(Beginning of Provided records)

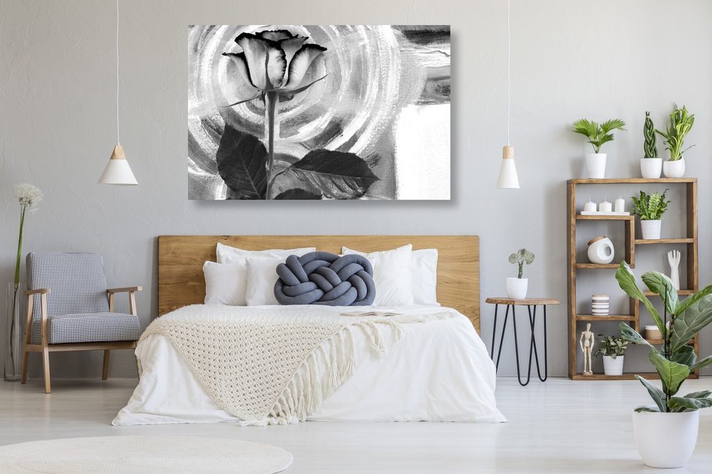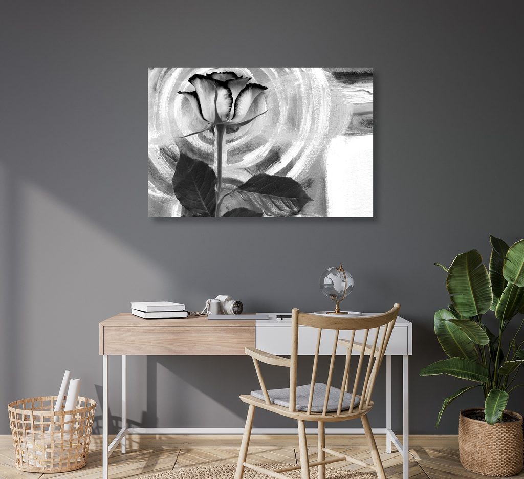 Kép rózsa festett háttéren fekete-fehér kivitelben
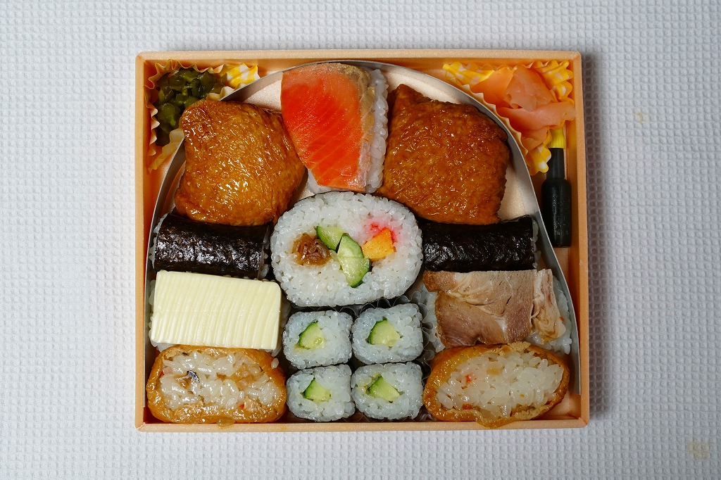 掛紙の絵柄は昭和時代のものを復刻した。中身は稲荷寿司2個、五目いなり2個、きゅうりの細巻き4個、キュウリと玉子とかんぴょうの太巻き1切れ、サーモン寿司、チーズ寿司、チャーシュー寿司、きゅうり漬、ガリ。
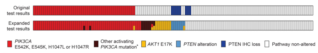 FAKTION是一项旨在评价AKT抑制剂(AKTi)Capivasertib±氟维司群用于AI失败HR+/HER2-晚期乳腺癌治疗的Ⅱ期研究,既往中期分析(ASCO 2019)显示Capivasertib联合组可显著改善患者PFS(10.3 vs 4.8个月,HR 0.58,95%CI:0.39~0.85;P=0.0049),而且Capivasertib治疗的获益并不局限在PI3K/AKT/PTEN通路改变(HR 0.59),无通路改变(HR 0.56)也可获益,即通路对PFS没有影响。这次ASCO大会报告了首次OS数据,而且采用NGS检测(比以往使用的ddPCR)增加了PI3K/AKT/PTEN通路的检测位点(下图),进一步分析通路改变对OS和PFS的影响。
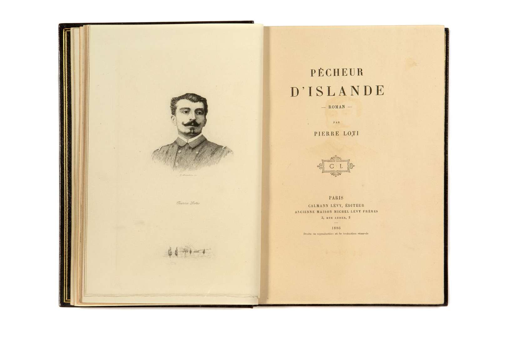 Pêcheur d'Islande. Roman. Paris, Calmann Lévy, 1886. In-8, maroquin brun foncé, dos à 5 nerfs saillants, auteur et titre doré, motif d'oiseau de mer mosaïqué au plat supérieur, double filet doré aux coupes, coiffes guillochées, contreplats bordés de maroquin orné de 4 filets dorés, tranches dorées sur témoins, couv. et dos conservés, étui [Marius Michel] (nerfs un peu passé, étui fendu et incomplet du fond).
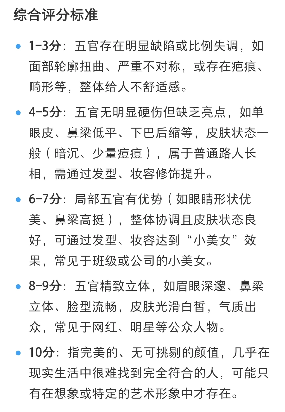 8-9分:五官精致立体,如眉眼深邃、鼻梁立体、脸型流畅,皮肤光滑白皙,气质出众,常见于网红、明星等公众人物。

(End of Provided records)

Your copy must hold every record above in its exact wording and must hold no pictures.

Response ::
 Kép rózsa festett háttéren fekete-fehér kivitelben
 掛紙の絵柄は昭和時代のものを復刻した。中身は稲荷寿司2個、五目いなり2個、きゅうりの細巻き4個、キュウリと玉子とかんぴょうの太巻き1切れ、サーモン寿司、チーズ寿司、チャーシュー寿司、きゅうり漬、ガリ。
 FAKTION是一项旨在评价AKT抑制剂(AKTi)Capivasertib±氟维司群用于AI失败HR+/HER2-晚期乳腺癌治疗的Ⅱ期研究,既往中期分析(ASCO 2019)显示Capivasertib联合组可显著改善患者PFS(10.3 vs 4.8个月,HR 0.58,95%CI:0.39~0.85;P=0.0049),而且Capivasertib治疗的获益并不局限在PI3K/AKT/PTEN通路改变(HR 0.59),无通路改变(HR 0.56)也可获益,即通路对PFS没有影响。这次ASCO大会报告了首次OS数据,而且采用NGS检测(比以往使用的ddPCR)增加了PI3K/AKT/PTEN通路的检测位点(下图),进一步分析通路改变对OS和PFS的影响。
 Pêcheur d'Islande. Roman. Paris, Calmann Lévy, 1886. In-8, maroquin brun foncé, dos à 5 nerfs saillants, auteur et titre doré, motif d'oiseau de mer mosaïqué au plat supérieur, double filet doré aux coupes, coiffes guillochées, contreplats bordés de maroquin orné de 4 filets dorés, tranches dorées sur témoins, couv. et dos conservés, étui [Marius Michel] (nerfs un peu passé, étui fendu et incomplet du fond).
 8-9分:五官精致立体,如眉眼深邃、鼻梁立体、脸型流畅,皮肤光滑白皙,气质出众,常见于网红、明星等公众人物。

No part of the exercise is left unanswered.